Today, the S&P/Case-Shiller Home Price Indices showed that the non-seasonally adjusted (NSA) April 10- and 20-City Composites rose 4.6 percent and 4.9 percent, respectively, on a year-over-year basis. The U.S. National Index rose 4.2 percent year-over-year. Today’s data were in line with Zillow’s forecasts, released last month.
On a seasonally adjusted (SA) monthly basis, the 10- and 20-City Composites were up 0.4 percent and 0.3 percent, respectively, from March to April. The National Index was flat month-over-month (SA). The table below shows how Zillow’s forecast compared with the actual numbers.
“New and existing home sales are both up, and home price growth continues to slow down. The fact that these indicators are moving in opposite directions actually means the market overall is moving in the right direction – back to normal,” said Zillow Chief Economist Dr. Stan Humphries. “Normal sales volumes are typically higher than we have been seeing, so recent gains are very encouraging and a sign that demand is strong among more typical buyers as we head into summer.
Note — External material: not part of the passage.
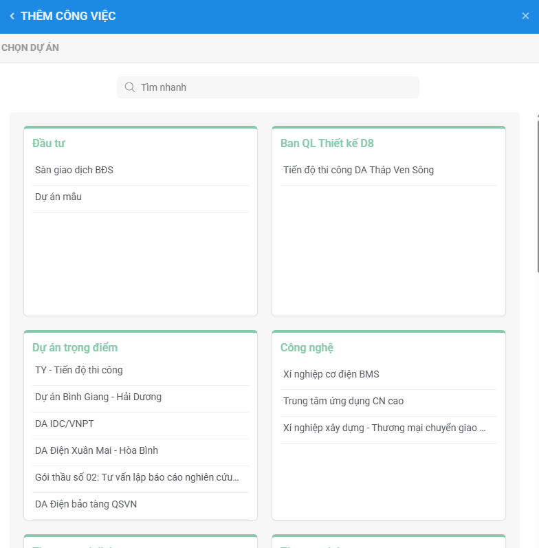 - Chọn Dự án bạn cần thêm công việc :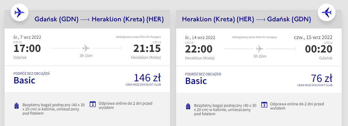 Do Grecji udacie się w czasie kalendarzowego lata, w terminie 7 – 14 września. Czeka was bezpośredni lot z Gdańska do Heraklionu, realizowany na pokładzie samolotu linii lotniczej Wizz Air. Bilety w najniższej cenie zakupią posiadacze Wizz Discount Club, pozostałe osoby zapłacą nieco więcej.

Normal home value growth is usually between 3 percent and 5 percent annually, well below growth rates of just a year ago, so the current pace is far more sustainable. Local market dynamics – rather than larger, national economic trends – are dictating market conditions on the ground in individual communities, as they should. All of these trends signal good news for the market.”
Our forecasting model incorporates previous data points of the Case-Shiller series, as well as Zillow Home Value Index data and national foreclosure resales. To see how Zillow’s forecast of the March Case-Shiller indices compared, see our research brief from last month.
Our forecast for May calls for similar appreciation across the three main Case-Shiller indices.